For each quantization unit, the level correcting unit 73 _matches the energy of the common spectrum X _M supplied from the calculation unit 72 with the energy of the frequency spectrum X _Lmix having a frequency index _{equal to} or higher than the frequency index K _isb in the quantization unit. as to, to correct the level of the common spectrum X _M. Similarly, the level correcting unit 73, the common energy of the spectrum X _M is, the frequency spectrum X _Rmix frequency index above frequency index K _isb, to match the energy of the quantized units, the level of the common spectrum X _M Correct.

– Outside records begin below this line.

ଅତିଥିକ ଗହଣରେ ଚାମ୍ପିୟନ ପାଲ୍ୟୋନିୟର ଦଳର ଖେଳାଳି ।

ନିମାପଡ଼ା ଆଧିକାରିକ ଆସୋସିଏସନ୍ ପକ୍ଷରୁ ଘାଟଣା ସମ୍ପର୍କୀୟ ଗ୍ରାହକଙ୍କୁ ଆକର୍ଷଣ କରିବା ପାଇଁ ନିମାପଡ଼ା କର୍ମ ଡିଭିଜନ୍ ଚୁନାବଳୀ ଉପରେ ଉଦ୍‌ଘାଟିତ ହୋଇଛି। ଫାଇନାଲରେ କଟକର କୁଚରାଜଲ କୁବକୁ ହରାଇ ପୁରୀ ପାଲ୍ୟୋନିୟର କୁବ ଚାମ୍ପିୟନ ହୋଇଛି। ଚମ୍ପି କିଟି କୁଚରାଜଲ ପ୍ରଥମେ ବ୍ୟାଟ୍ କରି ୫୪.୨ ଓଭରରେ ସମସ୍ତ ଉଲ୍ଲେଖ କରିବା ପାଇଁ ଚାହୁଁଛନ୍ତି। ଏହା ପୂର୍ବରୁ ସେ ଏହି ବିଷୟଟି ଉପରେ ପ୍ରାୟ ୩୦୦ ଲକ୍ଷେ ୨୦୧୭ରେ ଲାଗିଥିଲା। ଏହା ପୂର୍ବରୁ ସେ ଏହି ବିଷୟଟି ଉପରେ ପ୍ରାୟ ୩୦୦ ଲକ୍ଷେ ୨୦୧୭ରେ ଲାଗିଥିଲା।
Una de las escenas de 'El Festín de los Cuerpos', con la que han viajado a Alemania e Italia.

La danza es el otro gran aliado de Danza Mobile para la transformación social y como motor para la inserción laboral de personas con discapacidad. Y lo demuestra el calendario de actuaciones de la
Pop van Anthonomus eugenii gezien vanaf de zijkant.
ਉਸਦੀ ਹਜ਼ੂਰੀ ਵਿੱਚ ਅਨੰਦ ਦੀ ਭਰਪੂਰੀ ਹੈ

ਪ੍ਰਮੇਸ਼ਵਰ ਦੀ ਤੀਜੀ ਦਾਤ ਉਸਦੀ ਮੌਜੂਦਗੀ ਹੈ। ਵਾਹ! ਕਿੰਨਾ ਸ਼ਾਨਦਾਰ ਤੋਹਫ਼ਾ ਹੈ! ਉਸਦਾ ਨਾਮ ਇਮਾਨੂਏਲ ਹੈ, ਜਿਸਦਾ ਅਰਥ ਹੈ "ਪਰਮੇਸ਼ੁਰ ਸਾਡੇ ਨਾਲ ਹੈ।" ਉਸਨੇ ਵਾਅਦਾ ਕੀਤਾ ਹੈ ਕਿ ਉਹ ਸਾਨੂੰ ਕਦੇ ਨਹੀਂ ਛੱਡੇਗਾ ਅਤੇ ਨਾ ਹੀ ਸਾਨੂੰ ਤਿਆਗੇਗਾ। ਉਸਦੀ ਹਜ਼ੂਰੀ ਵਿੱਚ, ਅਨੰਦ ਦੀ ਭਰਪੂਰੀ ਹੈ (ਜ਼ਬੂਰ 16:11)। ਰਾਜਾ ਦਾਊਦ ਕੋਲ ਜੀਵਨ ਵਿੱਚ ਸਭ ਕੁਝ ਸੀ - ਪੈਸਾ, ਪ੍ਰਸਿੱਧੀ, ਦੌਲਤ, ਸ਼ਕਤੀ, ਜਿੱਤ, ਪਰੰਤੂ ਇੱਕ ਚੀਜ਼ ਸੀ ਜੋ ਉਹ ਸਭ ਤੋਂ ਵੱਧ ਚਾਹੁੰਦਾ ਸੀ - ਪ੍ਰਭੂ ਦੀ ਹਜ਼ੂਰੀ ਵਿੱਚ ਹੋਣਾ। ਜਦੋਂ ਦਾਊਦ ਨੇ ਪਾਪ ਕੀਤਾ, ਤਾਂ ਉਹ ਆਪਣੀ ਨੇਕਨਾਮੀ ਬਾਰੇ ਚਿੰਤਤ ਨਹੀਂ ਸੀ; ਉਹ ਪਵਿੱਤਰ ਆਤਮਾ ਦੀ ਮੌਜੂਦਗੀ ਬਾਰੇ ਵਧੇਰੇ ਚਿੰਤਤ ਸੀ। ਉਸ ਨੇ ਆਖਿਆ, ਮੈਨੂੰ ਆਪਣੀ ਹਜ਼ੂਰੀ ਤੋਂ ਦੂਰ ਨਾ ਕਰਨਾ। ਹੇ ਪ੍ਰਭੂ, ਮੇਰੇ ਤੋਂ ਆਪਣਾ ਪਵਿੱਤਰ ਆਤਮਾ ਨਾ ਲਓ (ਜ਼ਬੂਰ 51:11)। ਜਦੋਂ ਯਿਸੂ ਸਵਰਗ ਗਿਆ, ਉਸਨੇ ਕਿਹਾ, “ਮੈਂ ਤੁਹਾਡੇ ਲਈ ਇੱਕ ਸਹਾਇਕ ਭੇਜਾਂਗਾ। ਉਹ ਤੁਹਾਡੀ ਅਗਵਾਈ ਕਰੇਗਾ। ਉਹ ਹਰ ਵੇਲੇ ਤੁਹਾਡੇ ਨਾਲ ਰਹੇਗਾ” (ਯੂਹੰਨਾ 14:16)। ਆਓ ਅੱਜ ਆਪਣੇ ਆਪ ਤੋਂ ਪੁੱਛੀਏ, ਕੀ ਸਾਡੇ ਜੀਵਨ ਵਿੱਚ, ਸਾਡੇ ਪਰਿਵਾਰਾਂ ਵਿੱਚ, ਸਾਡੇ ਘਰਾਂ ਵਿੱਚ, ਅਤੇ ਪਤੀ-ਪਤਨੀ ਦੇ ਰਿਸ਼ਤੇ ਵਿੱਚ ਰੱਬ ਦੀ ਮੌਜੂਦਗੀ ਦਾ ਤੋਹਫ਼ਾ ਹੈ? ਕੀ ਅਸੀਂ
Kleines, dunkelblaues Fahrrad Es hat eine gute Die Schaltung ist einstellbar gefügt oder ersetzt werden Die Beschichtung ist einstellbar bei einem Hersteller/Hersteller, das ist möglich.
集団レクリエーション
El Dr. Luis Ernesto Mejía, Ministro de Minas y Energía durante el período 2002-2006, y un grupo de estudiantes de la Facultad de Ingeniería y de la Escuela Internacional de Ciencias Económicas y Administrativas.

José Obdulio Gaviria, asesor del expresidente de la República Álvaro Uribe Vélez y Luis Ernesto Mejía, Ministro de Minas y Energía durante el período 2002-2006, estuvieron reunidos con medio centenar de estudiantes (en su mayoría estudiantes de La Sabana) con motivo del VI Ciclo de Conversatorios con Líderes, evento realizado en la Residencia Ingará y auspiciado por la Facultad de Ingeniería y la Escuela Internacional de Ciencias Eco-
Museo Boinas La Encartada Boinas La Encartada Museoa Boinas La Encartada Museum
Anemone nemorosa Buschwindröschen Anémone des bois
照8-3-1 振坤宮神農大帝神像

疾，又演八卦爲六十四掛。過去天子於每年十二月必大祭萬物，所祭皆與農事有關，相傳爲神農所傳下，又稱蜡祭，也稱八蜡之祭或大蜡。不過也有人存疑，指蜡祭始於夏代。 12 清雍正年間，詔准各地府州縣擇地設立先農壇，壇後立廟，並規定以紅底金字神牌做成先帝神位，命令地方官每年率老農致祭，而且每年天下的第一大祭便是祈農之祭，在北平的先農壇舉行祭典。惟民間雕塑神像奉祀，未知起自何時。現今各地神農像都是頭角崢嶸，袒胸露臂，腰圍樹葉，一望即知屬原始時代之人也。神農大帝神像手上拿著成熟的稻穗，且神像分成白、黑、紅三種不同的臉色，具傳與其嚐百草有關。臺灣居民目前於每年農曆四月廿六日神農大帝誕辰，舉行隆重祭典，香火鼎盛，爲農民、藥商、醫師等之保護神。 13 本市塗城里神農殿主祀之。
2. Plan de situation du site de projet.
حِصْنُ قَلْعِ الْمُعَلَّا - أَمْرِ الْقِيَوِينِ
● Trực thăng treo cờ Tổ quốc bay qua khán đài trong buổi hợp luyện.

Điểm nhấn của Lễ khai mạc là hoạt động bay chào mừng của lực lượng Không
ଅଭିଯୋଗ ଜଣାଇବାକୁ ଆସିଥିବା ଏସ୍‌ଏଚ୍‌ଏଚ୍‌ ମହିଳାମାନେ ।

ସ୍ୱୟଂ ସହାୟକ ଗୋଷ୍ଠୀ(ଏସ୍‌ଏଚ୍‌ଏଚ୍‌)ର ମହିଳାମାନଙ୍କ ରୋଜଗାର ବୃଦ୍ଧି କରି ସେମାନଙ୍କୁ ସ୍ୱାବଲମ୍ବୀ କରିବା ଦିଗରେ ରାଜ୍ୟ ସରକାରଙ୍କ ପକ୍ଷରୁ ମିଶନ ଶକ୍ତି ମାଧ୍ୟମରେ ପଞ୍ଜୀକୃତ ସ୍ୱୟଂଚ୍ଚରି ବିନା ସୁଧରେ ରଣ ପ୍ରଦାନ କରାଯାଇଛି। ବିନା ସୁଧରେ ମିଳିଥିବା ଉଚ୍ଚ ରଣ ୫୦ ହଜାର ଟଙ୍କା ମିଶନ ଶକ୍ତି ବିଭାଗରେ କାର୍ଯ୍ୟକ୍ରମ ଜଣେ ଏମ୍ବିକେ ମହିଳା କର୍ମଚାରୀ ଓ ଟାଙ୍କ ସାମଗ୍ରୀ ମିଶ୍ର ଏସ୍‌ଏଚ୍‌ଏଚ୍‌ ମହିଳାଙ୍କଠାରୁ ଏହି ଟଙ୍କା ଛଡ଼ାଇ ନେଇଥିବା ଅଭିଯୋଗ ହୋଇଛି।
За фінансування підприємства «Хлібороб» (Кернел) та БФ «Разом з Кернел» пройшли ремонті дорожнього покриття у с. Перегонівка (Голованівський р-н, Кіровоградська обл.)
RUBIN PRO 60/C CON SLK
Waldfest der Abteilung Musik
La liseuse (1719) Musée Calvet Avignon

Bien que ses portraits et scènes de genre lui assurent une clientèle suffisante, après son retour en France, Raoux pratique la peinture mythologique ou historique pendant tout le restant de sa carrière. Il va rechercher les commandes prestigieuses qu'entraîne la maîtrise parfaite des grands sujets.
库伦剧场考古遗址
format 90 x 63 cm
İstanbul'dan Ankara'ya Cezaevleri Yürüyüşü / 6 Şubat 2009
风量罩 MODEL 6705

Specifically, the level correction unit 73 firstly has the energy E _L (q) and E _R (q) for each quantization unit q of the frequency spectrum X _Lmix and X _{Rmix having} a frequency index _{equal to} or higher than the frequency index K _isb , and Calculate the energy E _M (q) of the common spectrum X _M. Then, the level correcting unit 73 uses the energy E _L (q) or E _R (q) and the energy E _M (q) for each quantization unit q, and calculates the common spectrum X according to the following equation (10). Correct the _M level.

In Equation (10), X _M (k), X _L ^IS (k), and X _R ^IS (k) are the common spectrum X _M of the frequency index k and the level-corrected common spectrum X _L ^IS , This represents the common spectrum X _R ^IS after level correction.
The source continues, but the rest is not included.